> **Exercise description**
Retype only the lines below from the one with "young handosme man" to the one with "Based on our", inclusive, skipping every image.

> **Input data**
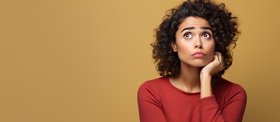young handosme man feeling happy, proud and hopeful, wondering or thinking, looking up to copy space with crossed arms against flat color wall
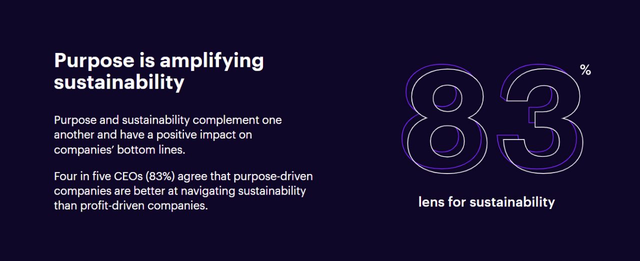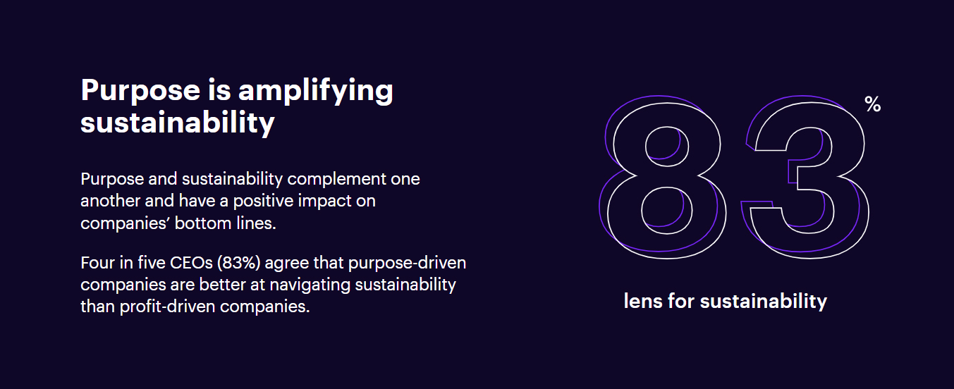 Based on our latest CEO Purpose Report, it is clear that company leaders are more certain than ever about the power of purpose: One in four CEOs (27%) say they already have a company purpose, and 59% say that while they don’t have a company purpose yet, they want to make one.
* * *
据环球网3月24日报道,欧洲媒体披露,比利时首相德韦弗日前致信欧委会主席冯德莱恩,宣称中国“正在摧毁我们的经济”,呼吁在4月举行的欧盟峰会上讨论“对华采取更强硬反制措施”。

> **Answer to the exercise**
young handosme man feeling happy, proud and hopeful, wondering or thinking, looking up to copy space with crossed arms against flat color wall
 Based on our latest CEO Purpose Report, it is clear that company leaders are more certain than ever about the power of purpose: One in four CEOs (27%) say they already have a company purpose, and 59% say that while they don’t have a company purpose yet, they want to make one.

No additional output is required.